MLOps Interview Questions
-
Q: How do you evaluate a Cold Start improved algorithm? A: You cannot use standard offline recall. You must use Online A/B Testing targeting only new users (Cohort Analysis). Metrics: Day-1 Retention, Session Length.
-
Q: Why not just use Item-Item similarity based on Content? A: It works, but “Visual Similarity” != “Semantic Similarity”. Just because two movies have red posters doesn’t mean they appeal to the same user. Bandits learn actual preference.
-
Q: What happens to the Bandit counters over time? A: They grow indefinitely. The variance shrinks to zero. The bandit stops exploring. Fix: Use a Sliding Window or verify “Time Decay” on the Beta distribution parameters ($\alpha \leftarrow \alpha \cdot 0.99$) to keep the system adaptable to trend changes.
-
Q: Explain DropoutNet. A: It’s a training technique to align ID embeddings and Content embeddings. By masking IDs during training, the content encoder is forced to learn to predict interactions, making it robust when IDs are missing at inference time.
-
Q: How do you handle “Fake” cold start (Bots)? A: Bots look like new users. If your Cold Start strategy is “Show Trending”, bots will crawl trending items. You need a Bot Detection layer before the Recommender.
Glossary
- Cold Start: Prediction with sparse or missing history.
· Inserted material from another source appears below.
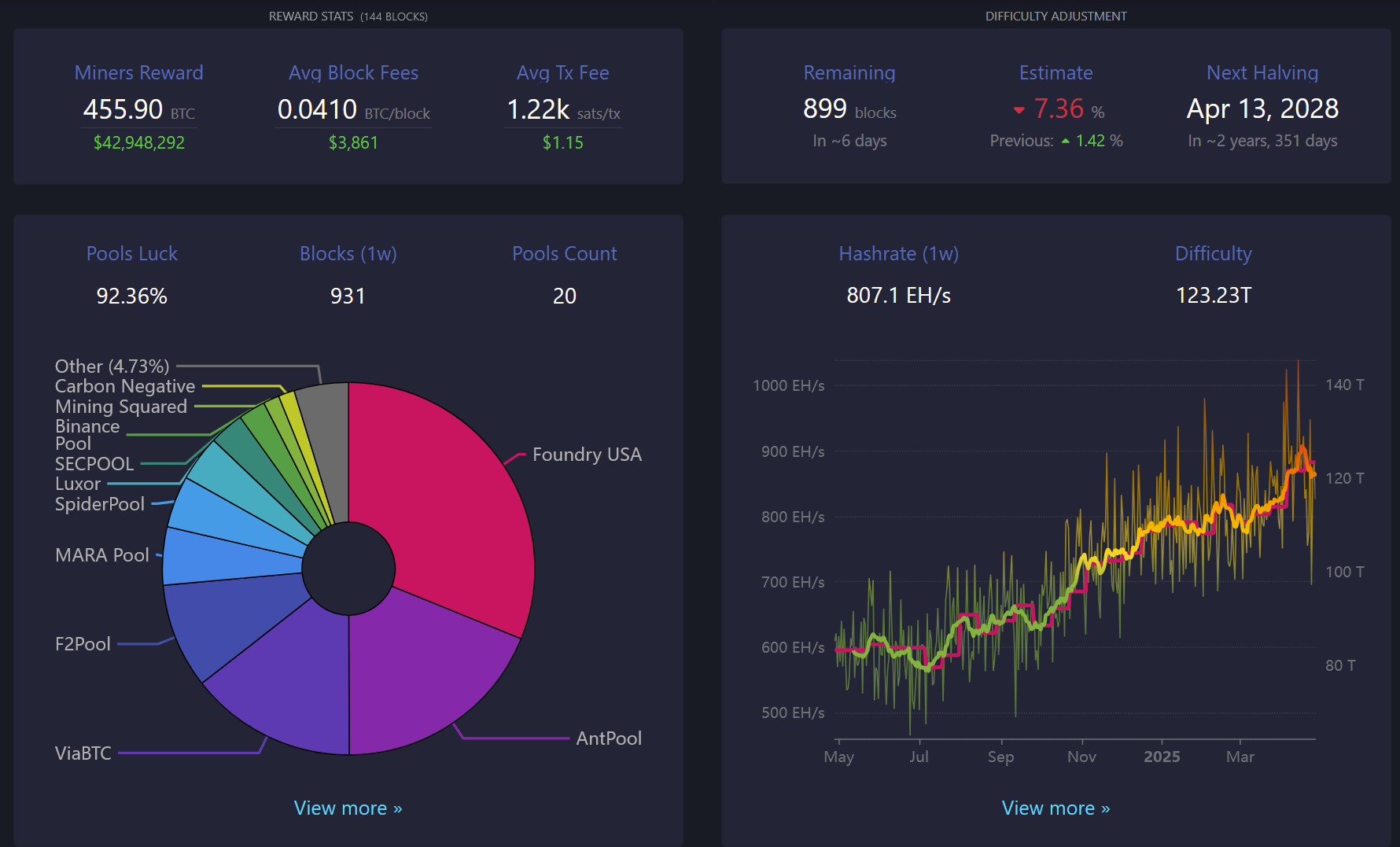 - The Bitcoin network's hashrate (7-day simple moving average is currently at ~861 EH/s. Next difficutly adjustment is expected in 6 days.

- MAB (Multi-Armed Bandit): Algorithm balancing Exploration and Exploitation.
- Thompson Sampling: Probability matching strategy using posterior sampling.
- Content-Based Filtering: Using item metadata (text/image) instead of interaction graph.
- Heuristic Ladder: Hierarchy of fallback strategies from complex to simple.
Summary Checklist
- Exploration: Have a dedicated strategy (Bandits) for new items. Do not let them rot in the database.
- Onboarding: Gather explicit signals (Tags/Topics) during signup to skip the cold phase.
- Hybrid Models: Train models that accept both ID and Content features.
- Decay: Implement time-decay on bandit statistics to handle non-stationary trends.
- Fallback: Ensure your API never returns 500 or Empty list. Always have a “Global Popular” fallback.
- Real-Time: Cold start requires Real-Time updates. If your bandit updates only once a day, you lose the “Viral” window.
- Dual Track: Separate your serving logic. Don’t pollute your main Vector DB with untested items.
- Monitoring: Track “Traffic % to Cold Items”. If it drops to 0%, your exploration mechanism is broken.
- Diversity: Ensure your cold start items cover diverse categories, not just “Action Movies”.
- Latency: Bandit sampling is fast ($O(K)$), but fetching content embeddings is slow. optimize accordingly.